Presentation of Congenital Portosystemic Shunts in Children

Atessa Bahadori, Beatrice Kuhlmann, Dominique Debray, Stephanie Franchi-Abella, Julie Wacker, Maurice Beghetti, Barbara E Wildhaber, Valérie Anne McLin, On Behalf Of The Ircpss, Atessa Bahadori, Beatrice Kuhlmann, Dominique Debray, Stephanie Franchi-Abella, Julie Wacker, Maurice Beghetti, Barbara E Wildhaber, Valérie Anne McLin, On Behalf Of The Ircpss

Abstract

Background: Congenital portosystemic shunts (CPSS) are rare vascular anomalies resulting in communications between the portal venous system and the systemic venous circulation, affecting an estimated 30,000 to 50,000 live births. CPSS can present at any age as a multi-system disease of variable severity mimicking both common and rare pediatric conditions.

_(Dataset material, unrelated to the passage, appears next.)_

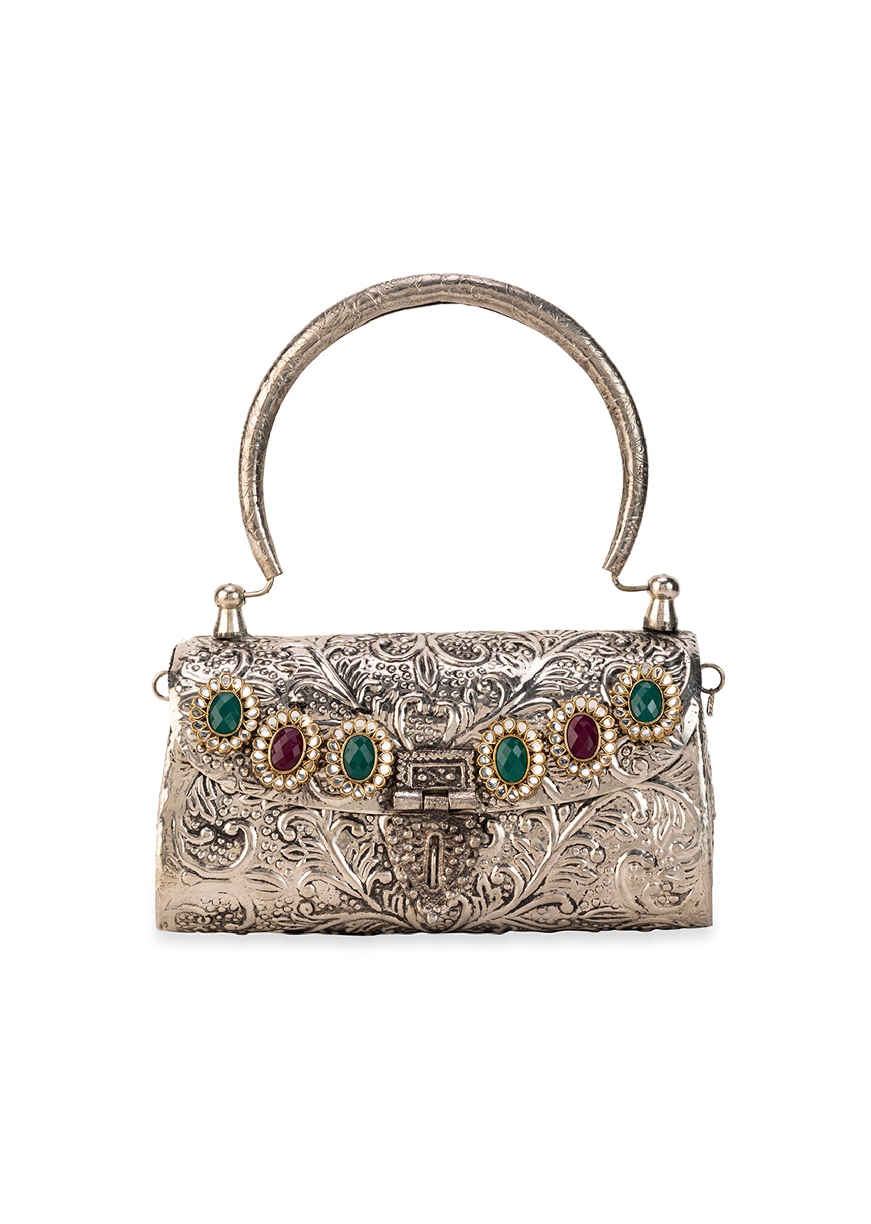Make an unforgettable entrance with this silver metal bag, embellished with jewel-toned stones in emerald green and ruby red, all beautifully framed in delicate pearls. Its intricate craftsmanship and rich... More Product Details

Case presentations: Case A: A vascular malformation was identified in the liver of a 10-year-old girl with tall stature, advanced somatic maturation, insulin resistance with hyperinsulinemia, hyperandrogenemia and transient hematuria. Work-up also suggested elevated pulmonary pressures. Case B: A young girl with trisomy 8 mosaicism with a history of neonatal hypoglycemia, transient neonatal cholestasis and tall stature presented newly increased aminotransferase levels at 6 years of age. Case C: A 3-year-old boy with speech delay, tall stature and abdominal pain underwent abdominal ultrasound (US) showing multiple liver nodules, diagnosed as liver hemangiomas by hepatic magnetic resonance imaging (MRI). Management and outcome: After identification of a venous malformation on liver Doppler US, all three patients were referred to a specialized liver center for further work-up within 12 to 18 months from diagnosis. Angio-computed tomography (CT) scan confirmed the presence of either an intrahepatic or extrahepatic CPSS with multiples liver nodules. All three had a hyperintense signal in the globus pallidus on T1 weighted cerebral MRI. Right heart catheterization confirmed pulmonary hypertension in cases A and C. Shunts were closed either using an endovascular or surgical approach. Liver nodules were either surgically removed if there was a risk of malignant degeneration or closely monitored by serial imaging when benign.

Conclusion: These cases illustrate most of the common chief complaints and manifestations of CPSS. Liver Doppler US is the key to diagnosis. Considering portosystemic shunts in the diagnostic work-up of a patient with unexplained endocrine, liver, gastro-intestinal, cardiovascular, hematological, renal or neurocognitive disorder is important as prompt referral to a specialized center may significantly impact patient outcome.

Keywords: Abernethy malformation; congenital portosystemic shunt; hepatopulmonary syndrome; liver nodules; pulmonary arterial hypertension; tall stature.

Conflict of interest statement

The authors declare no conflict of interest.

Figures

Figure 1
Figure 1
Anatomical forms of congenital portosystemic shunts. Reproduced from Guérin et al. Congenital portosystemic shunts: Vascular liver diseases: Position papers from the francophone network for vascular liver diseases, the French Association for the Study of the Liver (AFEF), and ERN-rare liver. Clin. Res. Hepatol. Gastroenterol. 452–459. Copyright © 2022 Elsevier Masson SAS. All rights reserved [5].
Figure 2
Figure 2
Case C. Aspect on imaging of the congenital porto-systemic shunt (CPSS) and the liver nodules. (1) Axial view on US B-mode at the level of the portal bifurcation shows the direct communication between the portal bifurcation and the inferior vena cava (IVC) (dotted arrow). There is a large liver tumor in the left hepatic lobe (large white arrow). (2) Axial view on MRI with contrast injection at the arterial phase shows the strong early enhancement of multiple hepatic nodules corresponding to hepatocellular proliferation. (3) Coronal view of an abdominal contrast enhanced computed tomography (CT) at the portal phase shows the direct communication between the portal bifurcation and the IVC. (4) Direct portal venography after occlusion of the CPSS with a balloon inflated in the IVC (star) shows hypoplastic right portal vein that was not visible on non-invasive imaging (plain arrow).